BENITO PÉREZ GALDÓS. FORTUNATA Y JACINTA. MISERICORDIA

Hola, buenas tardes. Bienvenidos a Todos los libros un libro, el espacio de recomendaciones de lectura de Radio Universidad de Salamanca que esta tarde continúa con su propuesta, persistente desde hace unas fechas, de presentaros libros que coincidiendo en su indudable calidad comparten también una vasta extensión. Nuestra intención es contribuir desde aquí, muy modestamente, a satisfacer la doble necesidad de lectura que reclaman tanto estas semanas de encierro forzoso, más o menos mitigado, como las que ya se vislumbran en el horizonte, que nos traen las vacaciones navideñas, bien que anómalas este año, con sus interminables días de ocio, tan propicios a nuestra sosegada demora entre las páginas de un libro. 

Hoy, además, mis sugerencias, en plural, pues son dos los libros y dos las películas, y además una serie televisiva, sobre los que se centrará mi reseña, se acomodan a otra razón de oportunidad. Como sin duda sabéis, pues los medios de comunicación se han hecho eco de la efeméride desde que empezó el año, el 4 enero de este 2020 se cumplieron los cien de la muerte de Benito Pérez Galdós, el prolífico escritor canario, uno de los más destacados de nuestra lengua española. Con esta excusa quiero proponeros ahora la lectura de dos de las mejores manifestaciones de su quehacer novelístico y que, como otros títulos del autor, han sido objeto de interesantes reediciones con ocasión del centenario (solo en Alianza hay publicados ¡sesenta y cinco títulos! de su vasta “producción”). Se trata de Fortunata y Jacinta, que pasa por ser la obra maestra de Galdós, y de Misericordia, también excelente aunque sin la universal repercusión de la primera. 

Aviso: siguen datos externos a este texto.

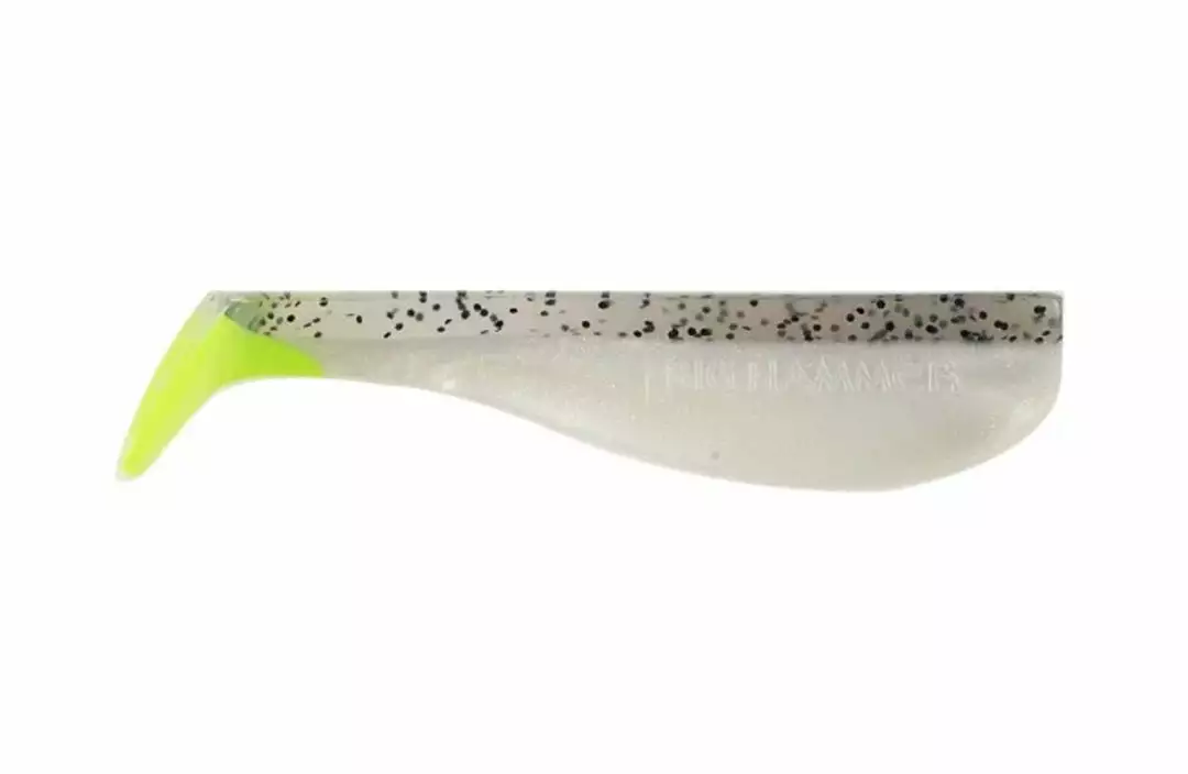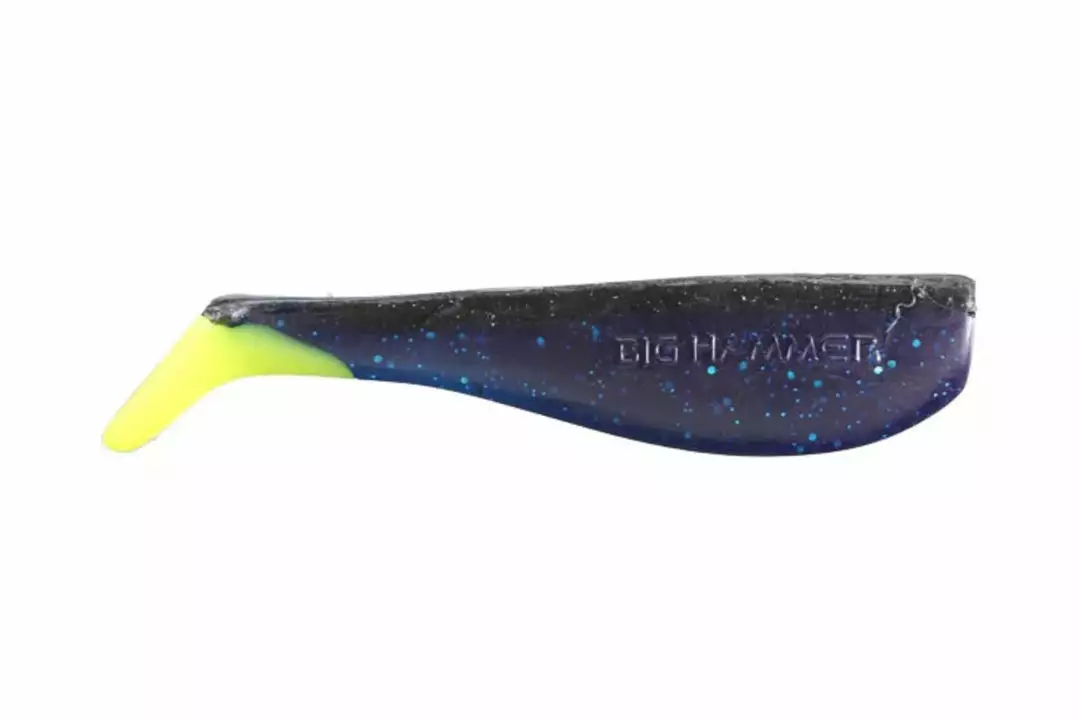 Big Hammer 5″ Swimbaits are in a class of their own. They have a square tail which creates a more erratic swimming action that entices a variety of fish to strike. The soft yet durable plastic allows multiple fish per bait for the less toothy variety. Rig it with a Big Hammer head and either slow wind it or burn it back. Can be fished in all depths of water depending on how heavy the jig head is or how long you let it sink before starting your retrieve. We suggest glueing the head to the plastic once rigged to keep the fish from pulling the body away from the head during short strikes. Using the Owner Stinger Harness can be an effective way to keep short bites at a minimum.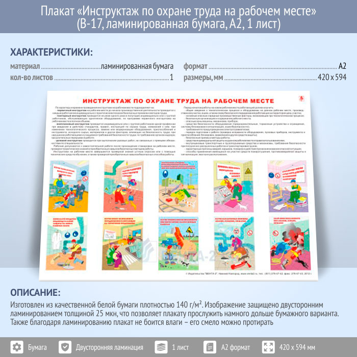Плакат «Инструктаж по охране труда на рабочем месте» (В-17, ламинированная бумага, А2, 1 лист) в Томске купить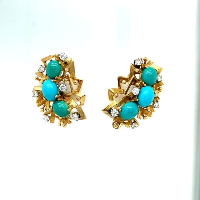 18KYW 15.2g Persian Turquoise & 12 x DIa~.74 ct 1.25" | Auric Estate Jewelry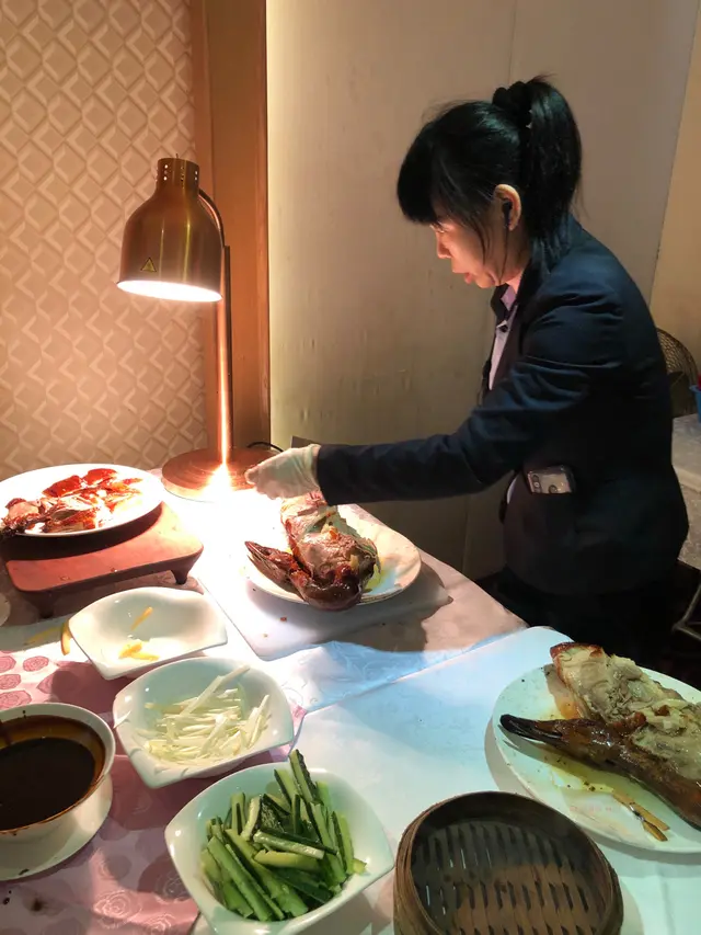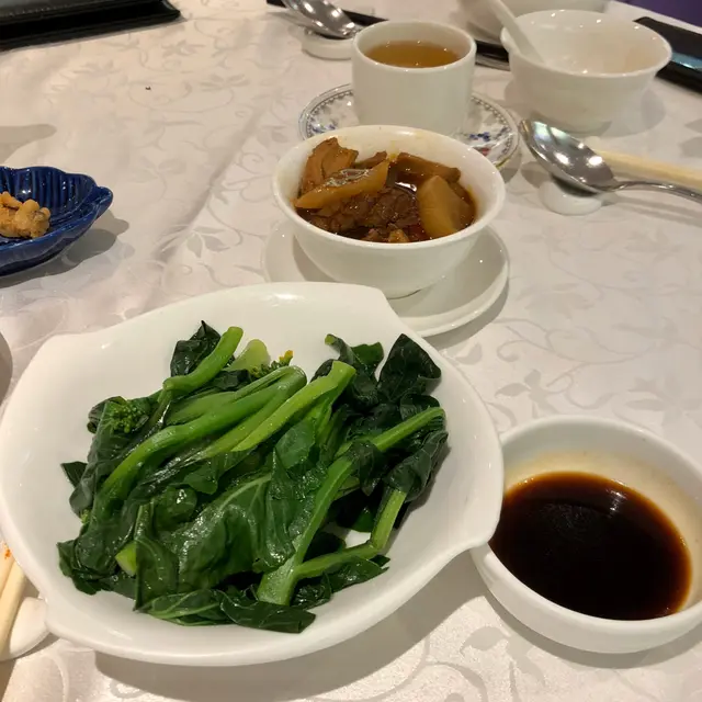 餐廳還會有即製洋蔥煎牛柳及北京片皮鴨出爐,可以自取及添食,煎牛柳要趁熱食,口感嫩滑相當不錯。而任點任食菜單中五十多款南北小菜、燒味涼菜、粉麵點心及甜品,都是即叫即做,並按指定人數出菜,我們選了椒鹽蝦、椒鹽茄子、蘿蔔金錢肚、五香牛展、蜜汁豚肉叉燒、玻璃咕嚕肉、蒜拍小黃瓜及白灼時菜,加埋佛跳牆和虎蝦天使麵,真係好飽肚!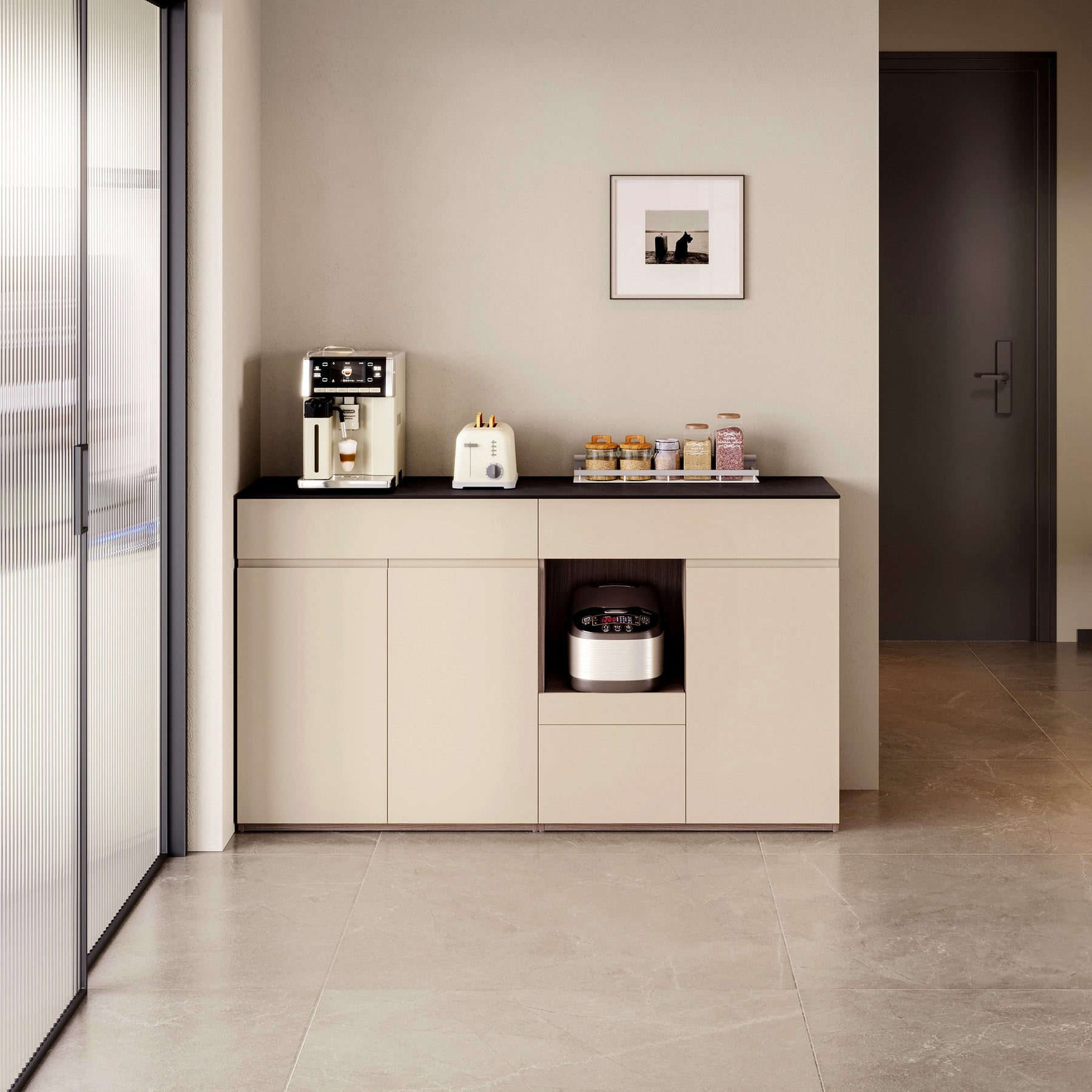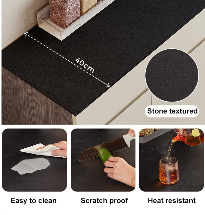 Stone-Textured Glass Top:Stone-textured tempered glass top provides a scratch-resistant surface with elegant matte sheen and visual depth.

De Fortunata y Jacinta hay, como puede imaginarse, decenas de ediciones. Yo tengo dos, la clásica, y podríamos decir ya “de referencia”, de la Biblioteca Castro, de 1993, austera y espléndida, como todas las publicaciones de la firma, y que cuenta con un sucinto prólogo de Domingo Ynduráin, con valiosas sugerencias de lectura; y la muy actual, presentada en este 2020 por María Robledano y Jesús Egido para la editorial Reino de Cordelia, que incluye una breve pero interesante introducción de José María Merino, escritor y académico, y que se acompaña de las ilustraciones, para mi gusto prescindibles y de escasa relevancia, pues poco contribuyen a ampliar los límites de la obra, de Toño Benavides. La novela original se publicó en cuatro tomos independientes entre enero de 1886 y junio de 1887. El texto de Reino de Cordelia parte de la versión “canónica” fijada por la catedrática Yolanda Arencibia para la edición del Cabildo de Gran Canaria, que a su vez se basa en la primera de la novela, publicada por la editorial La Guirnalda en 1887 en volúmenes independientes, pero que incorpora algunas novedades discutibles y hasta polémicas (inimaginables en la edición, más ortodoxa, tutelada por Ynduráin) que “pulen” ciertos arcaísmos de la primitiva redacción: se suprimen las comillas (necesarias en la época) cuando se refieren a palabras hoy ya incorporadas al Diccionario de la Lengua, se adapta la ortografía a la actualmente aconsejada por la Real Academia, se modifican la puntuación y las marcas de diálogo para acomodarlas a las convenciones del presente, se corrigen algunos lapsus textuales y, sobre todo, se convierten sistemáticamente las formas verbales con pronombre pospuesto (separábanse, volviose, comprendiolo, etc.) en otras que anteponen el pronombre (se separaban, se volvió, lo comprendió…), siguiendo, como apuntan los editores, el uso habitual de hoy

En el caso de Misericordia, que también aparece, obviamente, en las obras completas de Galdós de la Biblioteca Castro, yo acabo de leer la reciente edición presentada este mismo año por Navona, en su muy cuidada colección Los ineludibles, de la que ya he hablado aquí en otras ocasiones. El volumen, precioso, con la habitual encuadernación en tela marca de la casa, con elegante cinta de registro y de formato muy acogedor y manejable, se abre con un esclarecedor y entusiasta prólogo de Antonio Muñoz Molina y con un prefacio del propio autor, también muy ilustrativo, incluido en la traducción al francés de 1913. 

Por otro lado, de Fortunata y Jacinta hay una película de 1970, del realizador Angelino Fons, y una serie televisiva, dirigida en 1980 por Mario Camus, que Radio Televisión Española ha redifundido en el primer trimestre del año y a la que me referiré brevemente al término de esta reseña. En el caso de Misericordia, puede verse una adaptación teatral para televisión, de 1974, con un elenco plagado de los grandes actores españoles del momento.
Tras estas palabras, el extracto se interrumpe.